Le diplomate italo-suédois Staffan de Mistura va succéder à l'Algérien Lakhdar Brahimi comme médiateur de l'ONU dans le conflit syrien, une mission réputée impossible, selon des diplomates à l'ONU.

Cette nomination a été confirmée aux pays membres du Conseil de sécurité et devait être annoncée officiellement mercredi par le secrétaire général de l'ONU Ban Ki-moon.

Ce dernier a cependant déclaré à la presse mercredi soir que l'annonce de la succession de M. Brahimi prendrait davantage de temps, car il fallait consulter «les parties concernées». «Je vais faire une annonce très bientôt, mais pas aujourd'hui», a-t-il ajouté.

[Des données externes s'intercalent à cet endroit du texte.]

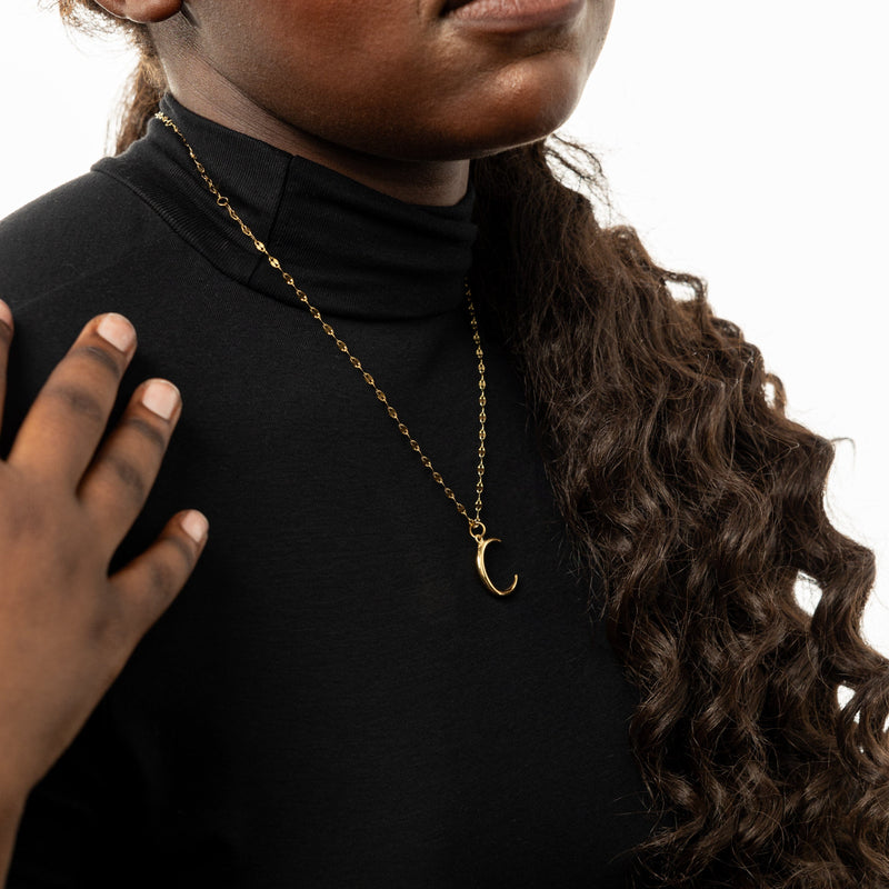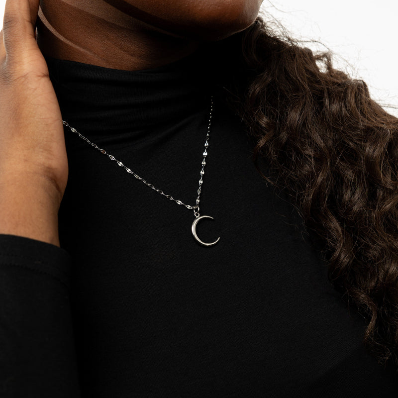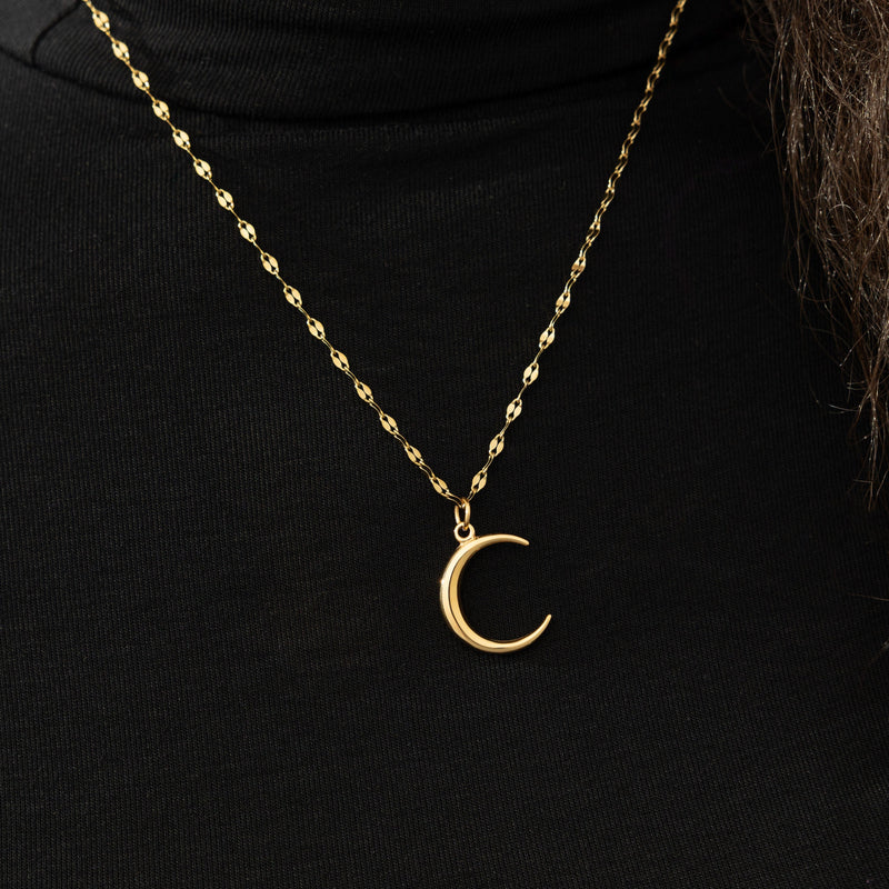 The moon is a symbol of hope, a gleaming light that erupts through the dark night sky. Made with a twist to our original crescent necklace, our Premium Crescent offers a unique design that stays true to the sentiment of the classic predecessor, but with an elegantly softer 3D mold and a brand new chain that is sure to catch eyes and stack beautifully with other pieces.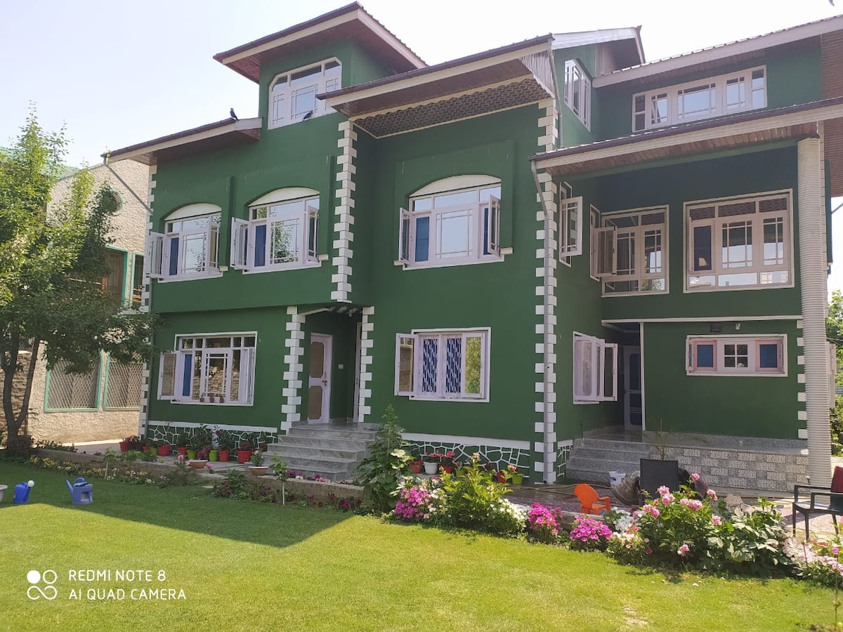 Relájate con toda la familia en este lugar tranquilo para hospedarte. Este alojamiento está diseñado para tu lujo y comodidad y para ofrecerte una experiencia única en el valle de Cachemira. Tenemos un total de 3 dormitorios principales y una habitación más pequeña. Las 3 habitaciones principales tienen baños adjuntos. También puedes acceder a la cocina, al salón, al comedor y al comedor al aire libre. Nuestro alojamiento se encuentra cerca de los legendarios jardines de Nishat y rodeado de montañas y exuberante vegetación.

Selon un diplomate du Conseil, M. de Mistura représentera l'ONU - alors que M. Brahimi était envoyé spécial conjoint de l'ONU et de la Ligue arabe - et «il aura un adjoint arabe», non encore désigné.

Lakhdar Brahimi avait démissionné en mai dernier après deux ans d'efforts infructueux pour mettre un terme à un conflit qui a fait plus de 160 000 morts depuis mars 2011. Il avait organisé en janvier et février à Genève les premières négociations directes entre le gouvernement syrien et l'opposition, qui avaient échoué.

Son prédécesseur, l'ancien secrétaire général de l'ONU Kofi Annan, avait jeté l'éponge au bout de six mois à peine, en 2012, blâmant le Conseil de sécurité pour sa désunion.

Staffan de Mistura, 67 ans, né à Stockholm, a la double nationalité italienne et suédoise. Ancien vice-ministre italien des Affaires étrangères, habitué des zones de conflit, il a occupé de nombreuses fonctions aux Nations unies, en particulier comme représentant spécial de l'ONU pour l'Afghanistan (2010-2011), pour l'Irak (2007-2009) et pour le Liban (2001-2004) et directeur adjoint du Programme alimentaire mondial (2009-2010). Il parle six langues, dont le français, l'allemand et l'arabe dialectal.

Pas de baguette magique

Le 20 juin dernier, M. Ban avait averti que le nouveau médiateur «n'aurait pas de baguette magique» pour régler le conflit. De fait, il hérite d'une mission jugée impossible par de nombreux diplomates.

Depuis la démission de M. Brahimi, le processus politique envisagé par l'ONU - un gouvernement de transition qui verrait le président Bachar al-Assad abandonner une partie de ses pouvoirs - est dans l'impasse. Bachar al-Assad a été réélu le 3 juin malgré les critiques occidentales, Damas a enregistré plusieurs succès militaires et le conflit a débordé sur l'Irak où les jihadistes de l'État islamique ont mené une offensive éclair.

La situation humanitaire s'aggrave : 10,8 millions de Syriens ont besoin d'aide, dont 6,6 millions d'enfants, et 2,9 millions de réfugiés syriens pèsent sur l'économie des pays voisins. Malgré les efforts de l'ONU pour que la population ait un meilleur accès aux secours - et une résolution du Conseil de sécurité, jamais appliquée - les humanitaires ont du mal à atteindre 4,7 millions de Syriens pris au piège des combats.

Enfin pour compliquer encore le tableau, les antagonismes restent forts au Conseil de sécurité entre les Occidentaux qui réclament un changement de régime et la Russie, qui défend obstinément son allié syrien.

Dans son discours du 20 juin, où il énonçait un plan en six points comme pour tracer la voie au nouveau médiateur, M. Ban réclamait un embargo sur les armes, «le droit à la justice» pour le peuple syrien ou encore «un accès humanitaire libre et immédiat». Mais il constatait aussi que la réélection de Bachar Al-Assad «a donné un coup supplémentaire au processus politique».

M. Ban a longtemps cherché un nouveau médiateur non seulement compétent, mais acceptable pour les principaux protagonistes. De nombreux noms ont circulé parmi lesquels ceux de l'Australien Kevin Rudd, de l'Italien Mario Monti ou du Brésilien Celso Amorim. Ou encore Sigrid Kaag, chargée du désarmement chimique de la Syrie, un des rares succès enregistrés dans la crise syrienne.